It’s become a common, albeit disgusting, practice for the military to allow JAG attorneys to second-guess actions in combat after the fact and from the relative comfort of safety. But what happens when we give them the right to raise objections even before the actions happen? The idea of lawyers reviewing attack strategies in war boggles the mind–but at the Combined Air and Space Operations Center in the Middle East, that’s just what’s happening.
…there is a military lawyer on hand around-the-clock. If there is a question about the legality of a strike, particularly when it endangers civilians, the lawyer provides advice reflecting the Law of Armed Conflict—the international treaties that prohibit the intentional targeting of noncombatants and require militaries to minimize risks to civilians. “And yet it’s war,” says Air Force attorney Col. Bill Carranza, the chief JAG officer here.

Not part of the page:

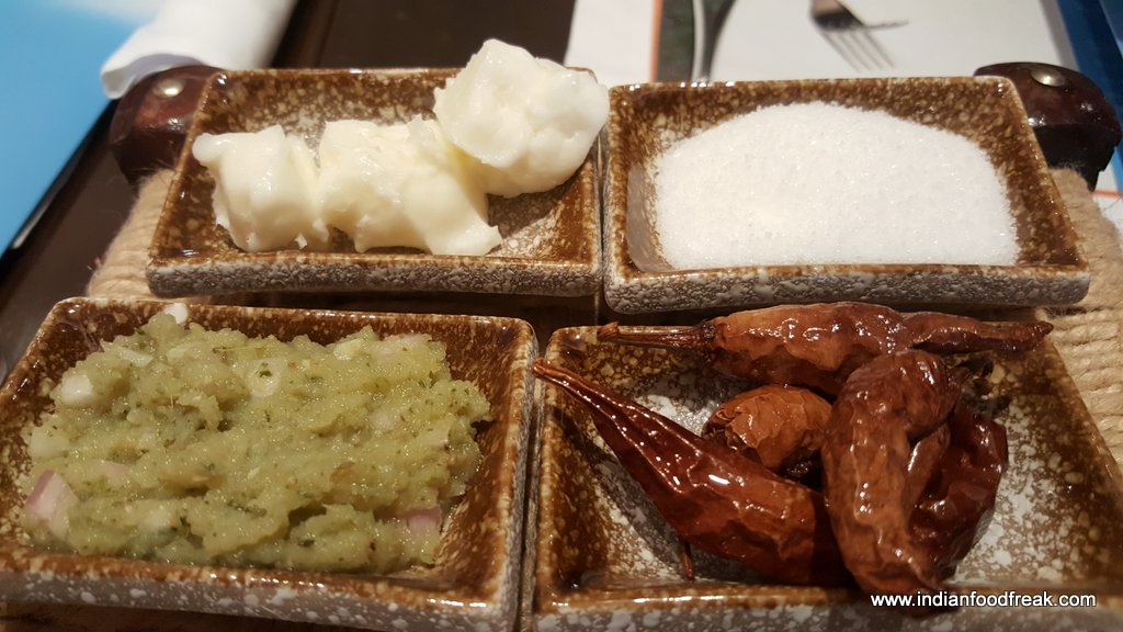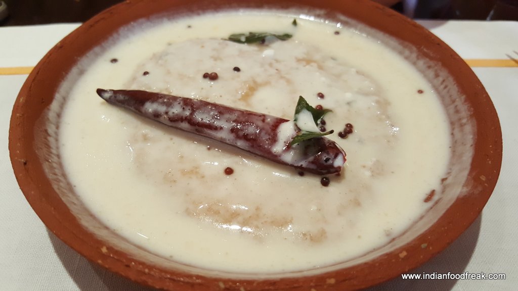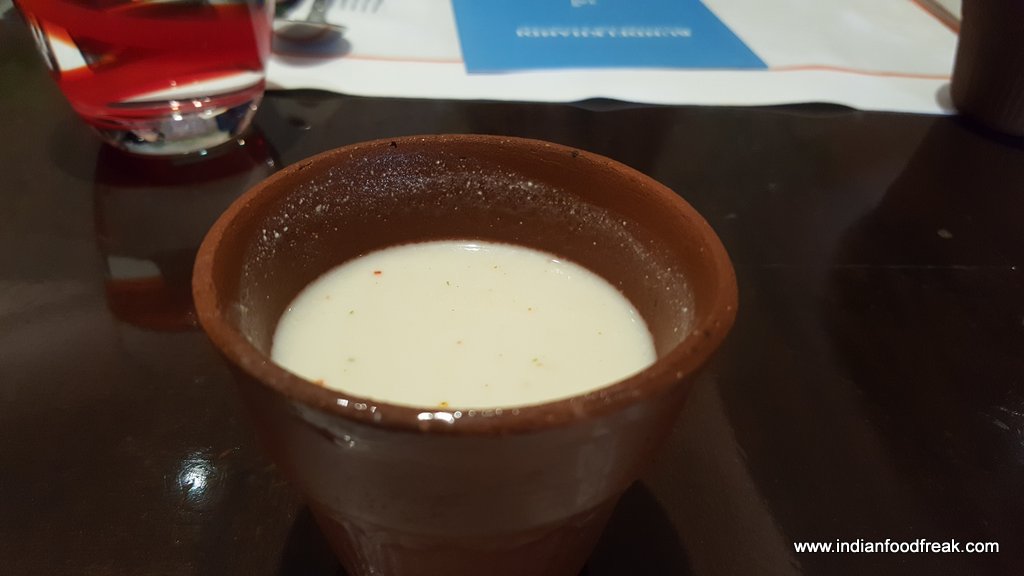 The start to our meal was mattha, spiced buttermilk served in true authentic style in kullads. The mattha was so addictive that one could not stop at just having one helping of it. What arrives next at the table is Bara (split black lentil dumplings soaked in buttermilk tempered with mustard seeds). We are told by the manager that one is supposed to add crushed sugar provided at the table to these dumplings to eat it as per their tradition.

No, that’s not war. That’s tiddlywinks. How Carranza can even call it war is baffling.
He recalls an incident in which a helicopter was down, and U.S. personnel knew someone was nearby and that he was a threat. “The question was, do we blow the guy up?” Carranza says. “You really are talking about a human life. My recommendation was that you have enough intelligence to shoot, if you feel it’s appropriate.” In the end, the commander didn’t order the strike.

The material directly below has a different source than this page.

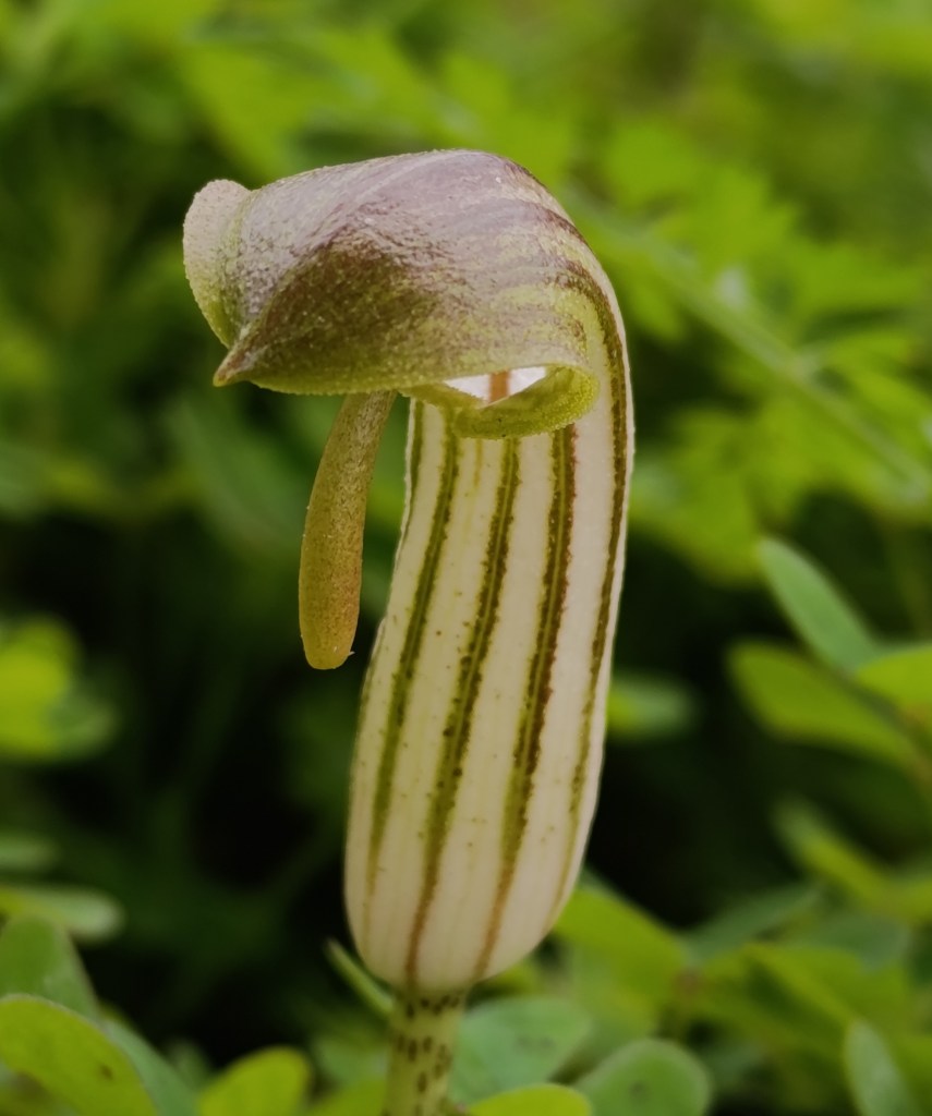 The Friar’s cowl (Arisarum vulgare)also springs up from the stony undergrowth, with its leaf-like bract forming a tube, a curved lip, and green-brown stripes that resemble a loose hood, similar to those of a monk’s habit. Its leaves are large and heart-shaped, and it grows in uncultivated fields, forests, rocky shrubland, and sometimes by roadsides in rural areas.

The average Seattle-area liberal would read that paragraph and be thrilled that yet another human life was not uselessly extinguished in the sands of the Middle East. We’re that much closer to peace and harmony and living out the lyrics to John Lennon’s “Imagine.” What I read in that paragraph is that there is one more bad guy who is still free to plot against, wound, kill, or capture an American soldier or Marine–all because a lawyer, who has no business on the battlefield, decided that everyone’s life is equally important.
Wars are not won by the idea of “equal importance.”